Available data
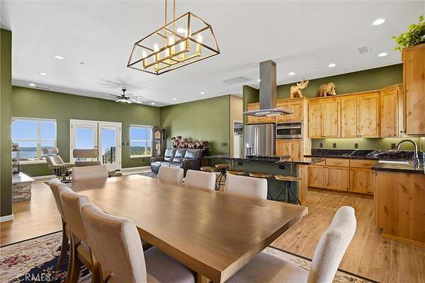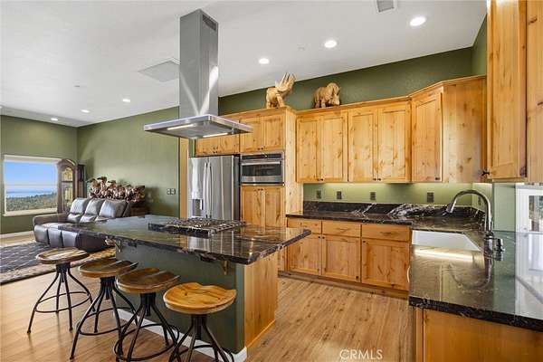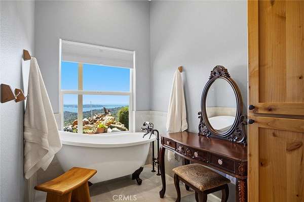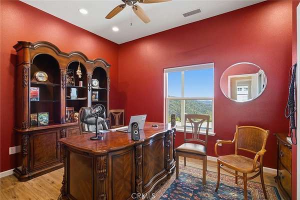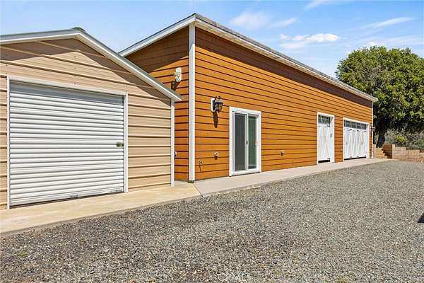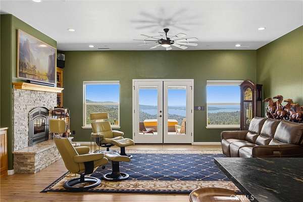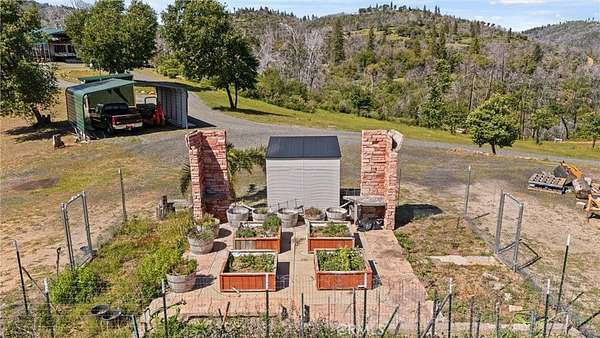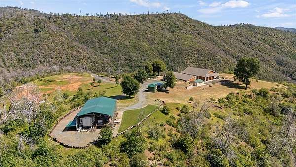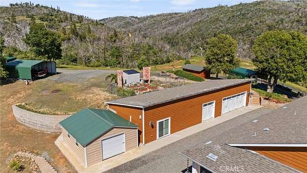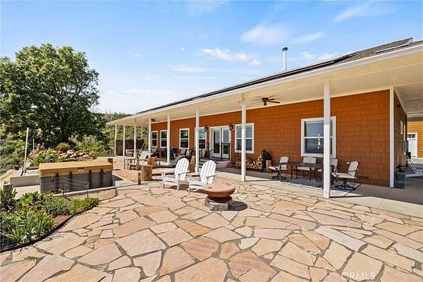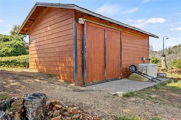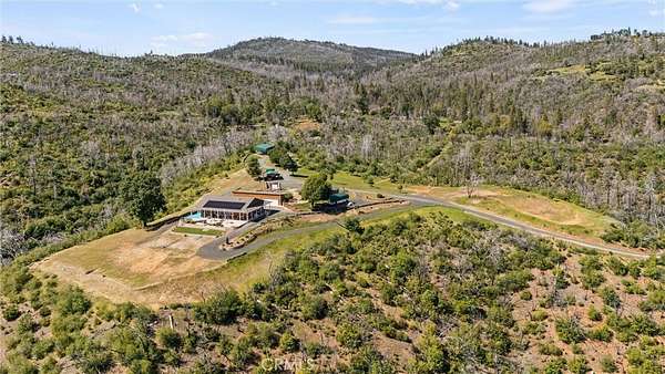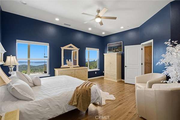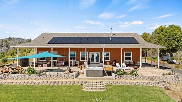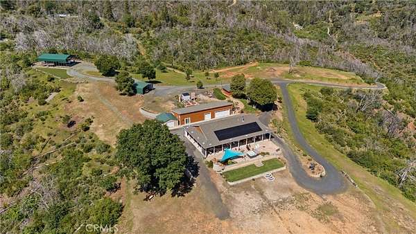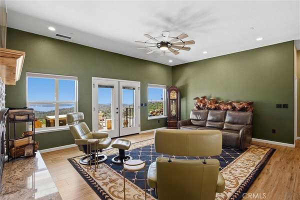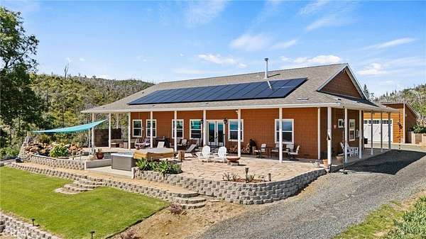 The large black iron electric gate is the gateway to your private driveway, which leads to a secluded hilltop with the most stellar views. In the middle of these 40 acres, you'll find a beautiful custom-built home with an open floor plan & large windows that frame captivating views of the hills, lake, & marina. There is custom small-knotty-alder-wood cabinetry throughout, 10-foot ceilings, 2X6 construction, & double insulation. GREAT ROOM includes the FAMILY ROOM with an ?inviting wood-burning fireplace, DINING ROOM, & a KITCHEN with an island & a sit-up bar. Thru the glass French door, you can access the front patio, fish pond, & hot tub area. The KITCHEN has custom cabinets & granite countertops. MASTER SUITE has an en-suite bath with a soaking tub with a view of the lake. Shower glass is 1” Art Deco etched glass from Santa Monica. The walk-in closet has convenient, direct access to the LAUNDRY ROOM with lots of custom cabinetry for storage! There are TWO additional BEDROOMs. Look closely, & you'll find an additional cozy ?B?ONUS ROOM with a built-in desk, bookshelves, & cabinets. The SECOND UNIT/BUILDING is 1584 SqFt with a 3+ car garage & a gym. Gym is 672 SqFt & includes a 1/2 bath & a large storage closet. The generous 3-car GARAGE has a custom 24’ wide garage door & includes a workshop area. Pre-wired for an electric car charging unit. Both the GYM & the GARAGE are fully insulated. Masterspa Enterprise HOT TUB sits off the front patio, where you can enjoy the views. Mineral filters are used, so fewer chemicals are needed. There is a tranquil FISHPOND off the front patio. 20X20 steel WOODSHED comes with a 40-ton log splitter. The COVERED 42’ PARKSTYLE TRAILER is currently renting for $ 1,000/month, & the tenant would like to stay. OWNED 38 panel SOLAR system is paid in full. A 12 kW GENERATOR automatically kicks on during power outages. Enclosed GARDEN. PRIVATE SHOOTING RANGE. Buyer To Verify - seller believes the property is approved for 4 ADUs. There is a second road that services this property. OUTBUILDINGS & ADDITIONAL STRUCTURES: 40X40 aluminum RV cover. 13X30 RV parking with septic/electric. 8X6 tool shed adjacent to the garden. 24x24 steel awning with partial siding for tractor & equipment storage. 12X12 Metal roof building with a window & a window air conditioner. The pump house houses the well, a 2500-gallon water tank, a three-stage filtration system, fire suppression pumps, & electrical components for the property. Text Becky 530-636-0936
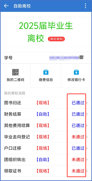 学生通过数字离校办理通道查看办理状态是否已更新。
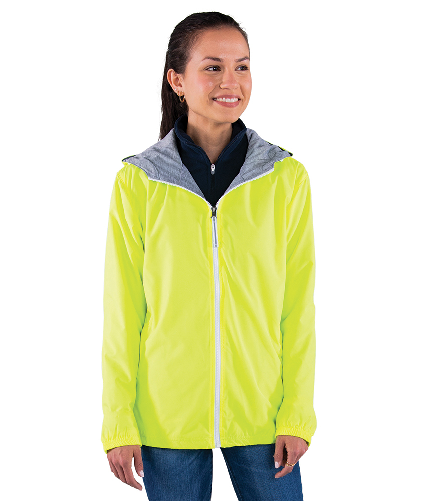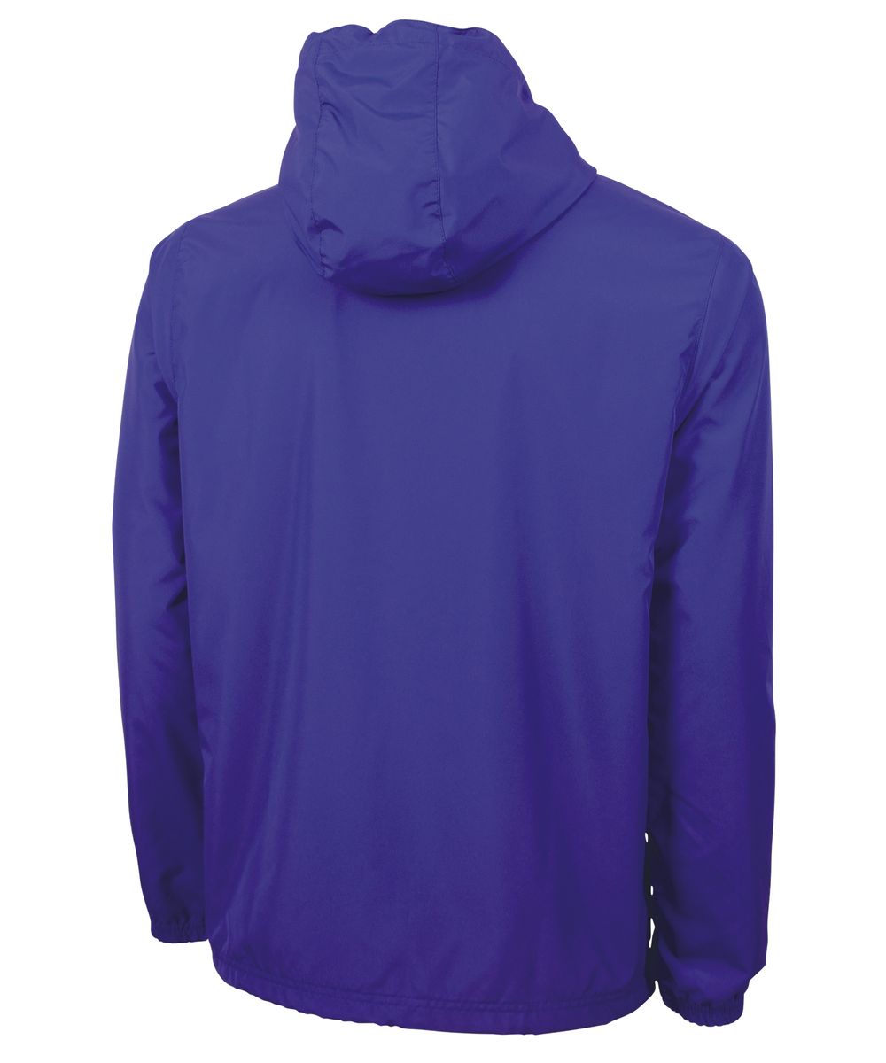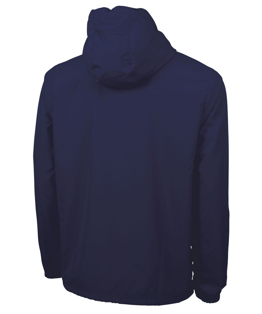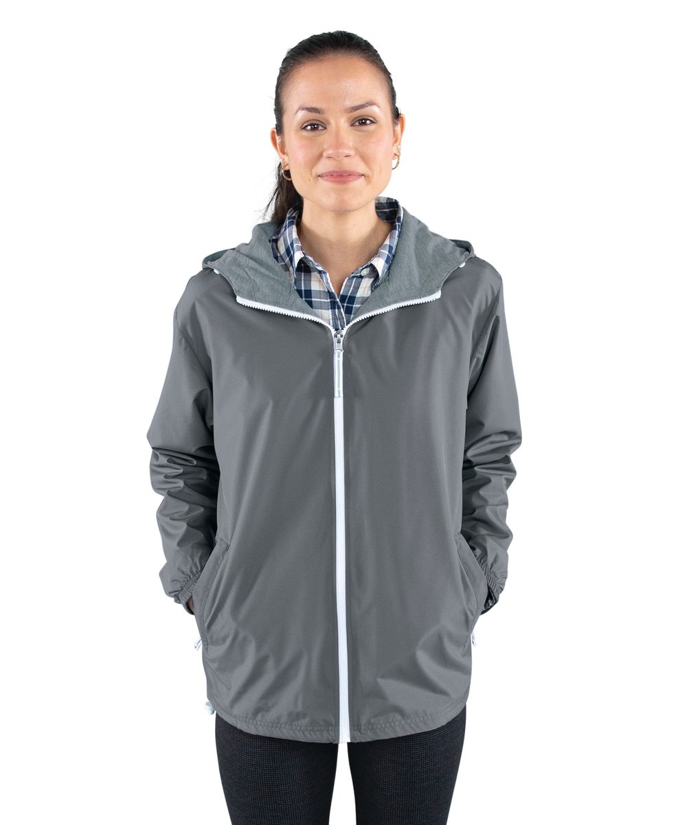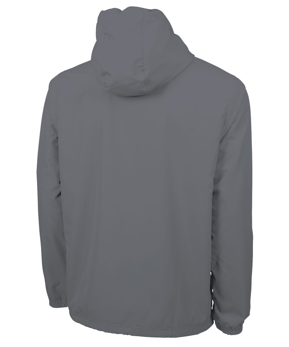 The Unisex Portsmouth Jacket is made from wind and water-resistant Softex Polyester with an oxford grey jersey lining. It features full-zip styling, reflective zipper pulls, covered side pockets, and elasticized cuffs. The hood and hem include an adjustable shockcord drawstring, and the ESA System (Embroidery Stow-Away) allows for easy decorating access. Unisex fit—women should size down 1-2 sizes for a more true-to-size fit.
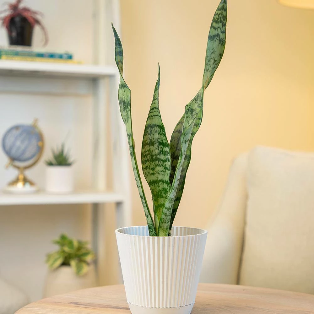 Aesthetically on point and amazingly resilient, needing very little while looking great year-round, Sansevieria zeylanica offers endless possibilities to refresh and enhance any living space. This live snake plant, also known as Ceylon bowstring hemp or devil’s tongue, exhibits an upright form of variegated sword-shaped leaves that taper to points. The leaves are a stripe-y mix of dark green and light gray-green. Native to Sri Lanka, this plant is difficult to kill and will survive drought or dimly lit environments. Sansevieria zeylanica comes in a white drop-in planter that complements its modern and stylish good looks. While it’s heralded for handling low-light spaces, you can absolutely place the plant in moderate- to bright-light spots. You can also grow it outside in sun to shade as long as temperatures are mostly on the mild to warm side. As lush, full and tropical as the leaves look, snake plants thrive with very little water, making them great plants for beginners, forgetful gardeners, travelers and plant parents who prefer a light-touch approach to plant parenting. They make perfect housewarming gifts. Grows to 2 ft. to 3 ft. tall. Provide a well-draining soil mix designed for succulents. Only water when the soil is thoroughly dry. Water less in winter. Rots easily if overwatered. Hardy to USDA Zone 10°F/35°F. Protect from frost.

About this task
The line holding "学生通过数字离校办理通道查看办理状态是否已更新。" starts the copy and the line holding "The Unisex Portsmouth" ends it. Repeat those two lines above and all between them exactly, leaving out pictures.

Expected output
 学生通过数字离校办理通道查看办理状态是否已更新。
 The Unisex Portsmouth Jacket is made from wind and water-resistant Softex Polyester with an oxford grey jersey lining. It features full-zip styling, reflective zipper pulls, covered side pockets, and elasticized cuffs. The hood and hem include an adjustable shockcord drawstring, and the ESA System (Embroidery Stow-Away) allows for easy decorating access. Unisex fit—women should size down 1-2 sizes for a more true-to-size fit.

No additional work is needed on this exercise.